Эту барышню привели ко мне хорошие люди, добрые знакомые, в январе 1919 г.
Громкая фамилия, с титулом. Хорошенькое изящное существо с васильковыми глазами. Остатки приличного туалета, но в столь потертом и штопанном виде, что дело явное: на плечах последнее и сменки нету.
-- Чем могу служить?
-- Не найдется ли у вас связей -- похлопотать за маму? Мама, старуха 60 лет, взята три месяца тому назад на Гороховую, 2, а теперь лежит в больнице женской тюрьмы, тяжело больная воспалением почек. Опасна, едва ли выживет. Обвиняется в контрреволюции. Улики -- громкая аристократическая фамилия, офицерство в родне и записка арестованной к управляющему ее собственным домом, с предписанием:
-- Устройте к моему приезду все, согласно условию, как можно старательнее.
Арестованная и управляющий объясняют, что записка относится к 1915 году и говорит о произведенном тогда в квартире домовладелицы ремонте. Следователь Чрезвычайки настаивает,-- "по внутреннему убеждению",-- что записка прошлогодняя, 1918 г., и прикрывает своею тайною конспиративную квартиру монархического заговора.

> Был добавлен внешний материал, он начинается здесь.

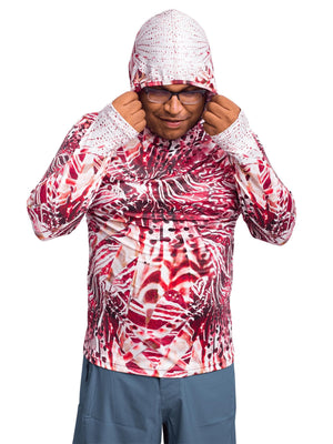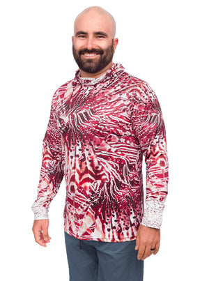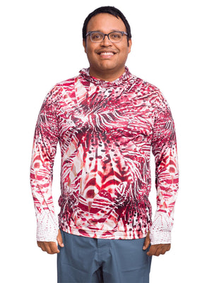 I hove my lionfish rashguard however I had to cut the hood off. It traps the air I breathe out and then makes the hood float. My shirt ends up strangling me. Suggest a rashguard without the hood.
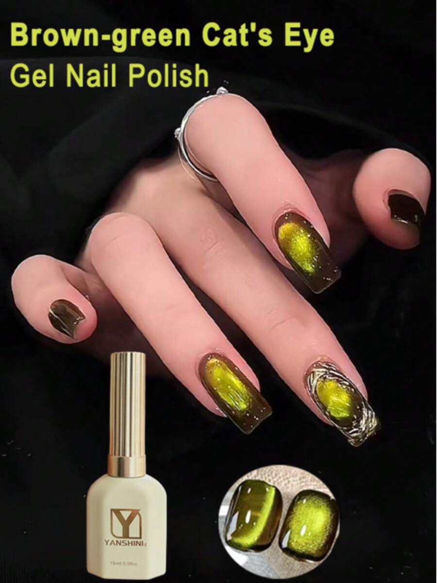 15毫升橄榄猫眼凝胶指甲油 – 磁性闪光效果,深绿色可卸UV/LED凝胶,打造亮泽美甲
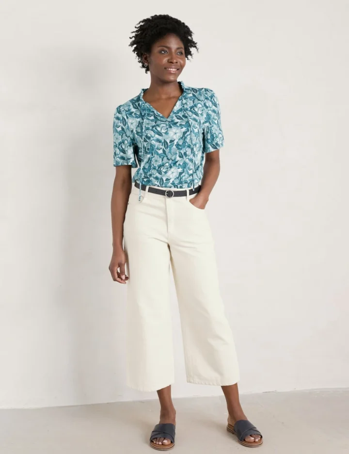 Crafted from organic cotton-blend jersey, this floral top from Seasalt Cornwall is perfect for warmer weather. The short-sleeved style is designed in an easy regular fit. A pretty frill trim and a delicate tie fastening at the neck add a feminine feel.

-- И кроме этой записки -- ничего?
-- Решительно ничего. Да и не могло быть ничего. Мама женщина безусловно аполитическая. Страдает за фамилию.
Когда мать арестовали, дочери в Петрограде не было, гостила в глухой провинции. Возвращаясь в Петроград, она не подозревала своей беды. Добралась, под тяжестью дорожного мешка, с вокзала домой -- и нашла квартиру запечатанною, а соседей, которых она стала расспрашивать про мать, настолько перепуганными, что с нею и говорить не хотели, и ночевать не пустили. К счастию, она имела адрес вот этих моих добрых знакомых, которые теперь ее ко мне привели, и они дали ей пристанище.

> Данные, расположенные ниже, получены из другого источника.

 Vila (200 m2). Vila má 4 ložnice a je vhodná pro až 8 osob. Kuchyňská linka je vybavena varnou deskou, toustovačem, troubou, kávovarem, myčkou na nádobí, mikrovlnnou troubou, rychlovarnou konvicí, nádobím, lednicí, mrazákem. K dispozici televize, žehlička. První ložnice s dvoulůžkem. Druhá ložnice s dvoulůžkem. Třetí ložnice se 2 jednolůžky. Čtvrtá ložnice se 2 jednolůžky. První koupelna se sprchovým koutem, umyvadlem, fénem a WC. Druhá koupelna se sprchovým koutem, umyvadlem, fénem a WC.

Они же помогли ей найти в Петрограде отца. Он был в ссоре с женою и жил врозь с нею, под чужим именем, потому что громкая фамилия угрожала опасностью и ему. Появление дочери скорее испугало его, чем обрадовало. К тому же она нашла его очень измученным только что отбытою инфлюэнцией. А две недели спустя он схватил "сыпняк", который и унес его в могилу.
Отец на кладбище, мать в тюрьме. Свидания с мамою дочь не могла добиться. А после ряда повторных отказов получила от одной сострадательной чекистки (бывают и такие!) совет -- лучше и не добиваться больше. "А то сами сядете, и тоща кто же "с воли" будет хлопотать за вашу мамашу и носить ей "передачи"? А на тюремном пайке она в неделю помрет".
Несчастие положительно гналось за девушкой. Она долго не находила в Петрограде никого из своей когда-то многочисленной родни. Одни расстреляны, другие эмигрировали, третьи на Шпалерной и в Крестах, четвертые дерутся где-то на белом фронте. Наконец, нашла дядю, брата матери, но тоже не надолго. Он, человек уже очень старый, показался племяннице не в своем уме. Пережитые во время революции страхи довели его до глубокой меланхолии, с манией преследования, и в один из припадков тоски он застрелился, наделав тем своему домкомбеду больших хлопот.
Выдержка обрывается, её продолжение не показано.